Photo by Mikkel Høgh Kaldal
Soy Milk
Performance for five languages in canon: Norwegian, Swedish, English, German and Danish.
Translations by Julie Stokkendal, Markus Lantto, Saskia Vogel, Richard Stoiber and Kenn Mouritzen. Actors Minni Katina Mertens, Golshid Rokhzan, Alex Lehman and Constantin Gindele and dramaturg Gritt Uldall-Jessen, 2020
Five monologues in five different languages are performed in canon by actors, whose voices are interwowen in a dynamic arrangement. Sometimes individual sentences stand out, while others overlap and mirror each other in kaleidoscopic soundscapes.
The performance is based on a monologue originally written in Danish, in which a first person narrator talks about being in their apartment, listening to their neighbor through the wall, talking on the phone, reading emails and chatting with a friend, who lives on the other side of the Atlantic.

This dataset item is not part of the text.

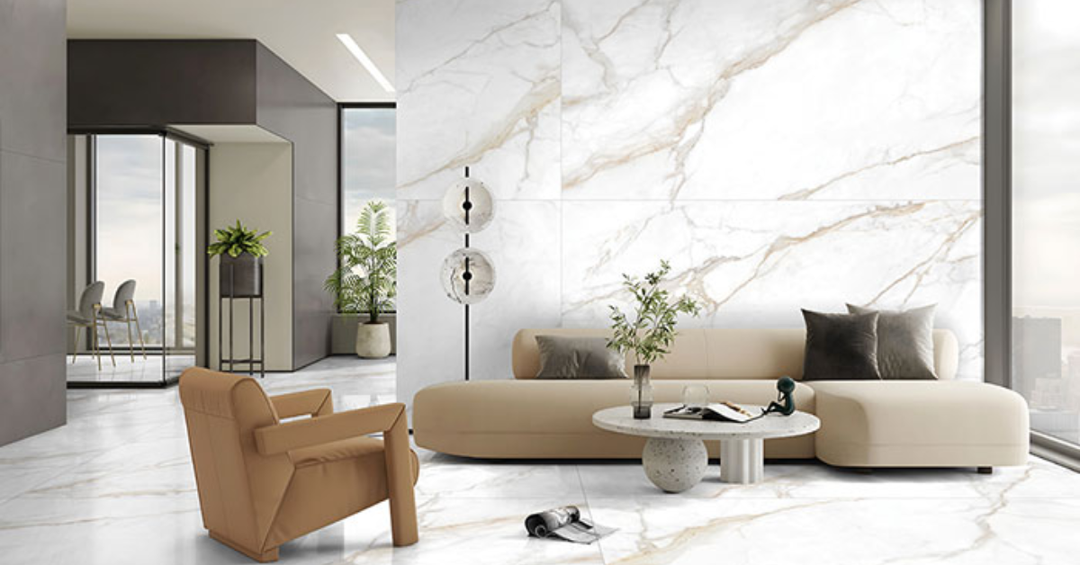 Gạch vi tinh khổ lớn thường được dùng để ốp các mảng tường trang trí như vách tivi, tường sau sofa, hoặc sảnh lễ tân. Các đường vân đá tự nhiên và bề mặt bóng của gạch tạo ra một điểm nhấn nghệ thuật, thu hút mọi ánh nhìn.

Language flows through several channels, communication and miscommunication happens, stories are told and assumptions are made. This original monologue has gone through a chain of translations: from Danish to Norwegian, from Norwegian to Swedish, from Swedish to English, from English to German and from German back to Danish. All five translations were made by litterary translators, and only the first translator in the chain got to se the original Danish text – the others had to follow their own instincts and thereby set the text in motion.

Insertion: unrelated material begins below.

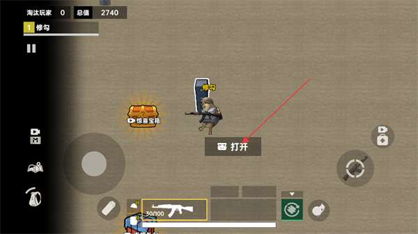 3、靠近物资点后,点击打开按键可以搜索物资点内的物资。
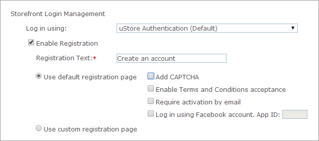 3. If you want to use uStore's default registration page, select Use default registration page and then continue with the following:

Performed at Kunsthal Aarhus, 2020
The narrator's gender is not mentioned in the monologues but is embodied by the performers in different ways. The gender of the narrators neighbour is also unclear, and this ambiguity is dealt with in different ways by the five translators, thereby illuminating how each language provides specific frameworks within or outside which we can understand and express gender that exists beyond the binary.
The title Soy Milk refers to a joke that appears in the monologue: What if soy milk is just milk introducing itself in Spanish? It plays on the word 'soy', which in English refers to the plant and in Spanish means 'I am'. There is an underlying point in the joke about not being understood when introducing yourself, because you seem to speak different languages: Our backgrounds and biases can make something appear quite definitely to different people, blinding us to ambiguity.
The five translated monologues were published as an artist book by Forlaget Aleatorik.